Kann mir jemand erklären wie wie man unlackierte Fingernägel in Photoshop lackieren kann?
Damit meine ich nicht das einfache einfärben, da so kein Lackcharakter zustande kommt. Der Look müßte wirklich überzeugend sein, so das die Manipulation auch im Close up nicht auffällt! Danke!


----------



## Julien (26. Februar 2004)

Hi

Ich würde mal ein bisschen mit den Bild-Einstellungen und Filtern rumexperimentiren.. probieren geht über studieren


----------



## extracuriosity (26. Februar 2004)

Poste mal ein ein Bild zum Ausprobieren.


----------



## Maldoror (26. Februar 2004)

Testdatei


----------



## da_Dj (26. Februar 2004)

Was spricht dagegen in einer Ebene darüber mit Farbe deine Wahl zu malen, Ebenmodus auf Farbe [o.ä.] und dann noch ein bissel tüfteln bis die Farbe passt.
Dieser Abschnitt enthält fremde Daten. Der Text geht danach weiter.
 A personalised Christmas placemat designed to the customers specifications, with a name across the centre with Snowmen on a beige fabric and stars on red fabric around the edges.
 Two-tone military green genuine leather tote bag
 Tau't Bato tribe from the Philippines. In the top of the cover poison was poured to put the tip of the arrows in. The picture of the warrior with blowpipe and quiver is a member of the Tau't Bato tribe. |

Dazu kommt natürlich noch, was es für ein Lack sein soll, kenn mich da jezt nicht ganz so aus, aber soll er z.B. "glatt" oder mehr "Kristallähnlich" sein usw. ?


----------



## Maldoror (26. Februar 2004)

Mit drübermalen ist es nicht getan, die normalen (vorhandenen) Reflexe kann man nicht aufnehmen, weil Hochglanzoberflächen (so sollte es wirken - am besten rot) anders wirken, Wenn man fotorealistisch malen könnte wäre das Problem natürlich gelößt - ist mir aber nicht möglich. Mit Markieren und Farbton/Sättigung kommt man auch nicht zum Ziel.


----------



## Leola13 (26. Februar 2004)

Hai,

wie ist es damit :

Vielleicht umständlich, aber vielleicht auch das was du suchst.

Nagel Ausschneiden, duplizieren, einmal lackieren (Fläche füllen), einmal mit einer Maske den Reflex isolieren und die Deckkraft verringern.

Ciao Stefan


Edit : Oder einfach ein bißchen Grau brushen


----------



## Maldoror (27. Februar 2004)

Cool! Machste die beiden anderen auch noch? ;-)
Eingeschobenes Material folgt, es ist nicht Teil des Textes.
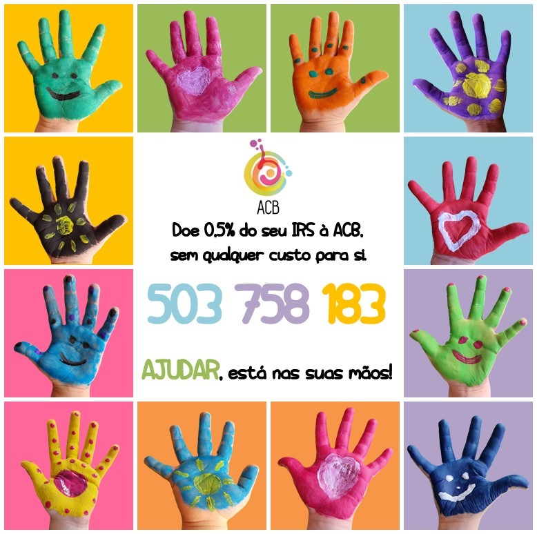 Sabia que ao preencher o seu IRS pode doar 0,5% à ACB sem custos associados? Gostaríamos de contar com a sua estimada ajuda, aquando da apresentação da declaração de IRS. Trata-se de um valor do seu imposto, neste caso 0,5% que iria ser a favor do Estado. Basta apenas que: no preenchimento do IRS Automático (área Pré-Liquidação) como na Declaração de Rendimento (Quadro 11 do Modelo 3), indique o NIF 503 758 183 e selecione 'IPSS' como entidade beneficiária e, desta forma tão simples consignará 0,5% do seu IRS à ACB. Seja solidário, agradecemos o seu apoio!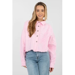 Elegantná dámska džínsová bunda v ležérnom štýle, ideálna na každý deň. Je vyrobená z kvalitnej bavlny, poskytuje pohodlie a všestranný charakter. Model s krátkou dĺžkou, klasickým golierom a dlhými rukávmi, zapínanie na gombíky. Spodná časť bundy je ukončená moderným ripsom, ktorý celku dodáva mierne rockový akcent. Originalitu jej dodávajú vyšívané kvety umiestnené na ľavej strane bundy na prednej strane, rukávoch a chrbte, ktoré vytvárajú efektný a ženský detail. Praktické vrecko na pravej strane na úrovni hrudníka zdôrazňuje úžitkový charakter modelu. Skvelá voľba na každodenný outfit, a to k šatám, džínsom aj sukni.

Sieht schon viel besser als meine Ergebnisse aus!

Danke!


----------



## Julien (27. Februar 2004)

Warum sollter er sie dir machen? Lies doch bitte die Regelen des Forums....
Und ich persönlich finde das wenn mann schon Tipps und Ratschläge bekommt es auch selber machen kann....  
Gruss Jul



[Edit]: Kannst du vielleicht deine Arbeitsschritte ein bisschen ausführlicher erklären?


----------



## Maldoror (27. Februar 2004)

Entspann dich!
Es war ein Witz (Der Smily sollte es verdeutlichen!)
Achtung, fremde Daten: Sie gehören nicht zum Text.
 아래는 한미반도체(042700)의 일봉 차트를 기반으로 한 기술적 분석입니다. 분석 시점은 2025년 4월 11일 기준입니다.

Auf der anderen Seite - die anderen Finger liegen in der Unschärfe und haben andere Winklungen, was eventuell ein modifiziertes Vorgehen erfordert!


----------



## TheMinstrel (28. Februar 2004)

Hi
Hier noch ein Lösungsweg.
-Fingernagel auswählen
-Verlaufstool
-hellrot und dunkelrot
-dann noch mit burn und doge ein bisschen rumspielen und schon ist es fertig.
Also insgesamt schneller als ich diesen Thread hier geschrieben hab 
Grüße TheMistrel


----------